** Dataset content follows **

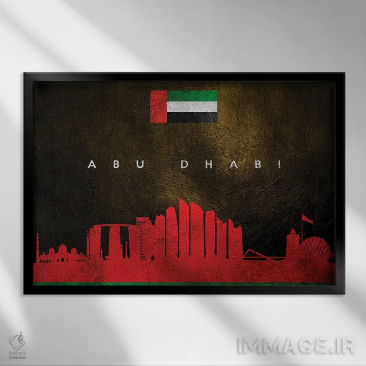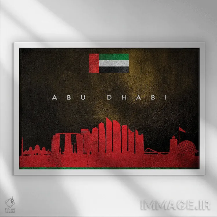 «منظرهٔ افقی ابوظبی (امارات متحده عربی)» اثرِ «آدریان بالدُوینو» یک اثر گرافیکیِ مرتب است که با قابهای ساده و چیدمانهای امروزی خوب مینشیند.
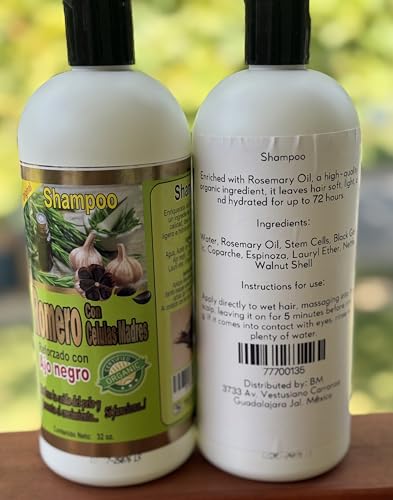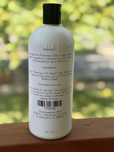Discover the power of natural hair care with this organic rosemary and black garlic enriched shampoo. This unique 32 oz formula combines traditional ingredients to help maintain healthy, hydrated hair for up to 72 hours. The specialized blend includes rosemary oil, stem cells, and walnut shell extract to nourish your scalp and strands. Easy to use - simply apply to wet hair, massage thoroughly, and leave on for 5 minutes before rinsing. The generous bottle size ensures you'll have plenty for multiple washes. Made in Guadalajara, Mexico, this shampoo brings together nature's finest ingredients for your hair care routine. Perfect for those seeking a natural approach to maintaining soft, manageable hair while supporting healthy growth patterns.
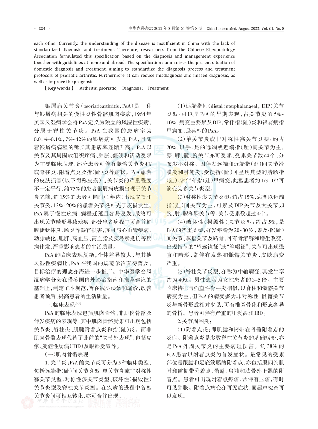 银屑病关节炎诊疗规范(2022年)

** End of Dataset content **

Would you retype all the lines shown above, exactly as written and without any picture?

Exercise response.
 «منظرهٔ افقی ابوظبی (امارات متحده عربی)» اثرِ «آدریان بالدُوینو» یک اثر گرافیکیِ مرتب است که با قابهای ساده و چیدمانهای امروزی خوب مینشیند.
Discover the power of natural hair care with this organic rosemary and black garlic enriched shampoo. This unique 32 oz formula combines traditional ingredients to help maintain healthy, hydrated hair for up to 72 hours. The specialized blend includes rosemary oil, stem cells, and walnut shell extract to nourish your scalp and strands. Easy to use - simply apply to wet hair, massage thoroughly, and leave on for 5 minutes before rinsing. The generous bottle size ensures you'll have plenty for multiple washes. Made in Guadalajara, Mexico, this shampoo brings together nature's finest ingredients for your hair care routine. Perfect for those seeking a natural approach to maintaining soft, manageable hair while supporting healthy growth patterns.
 银屑病关节炎诊疗规范(2022年)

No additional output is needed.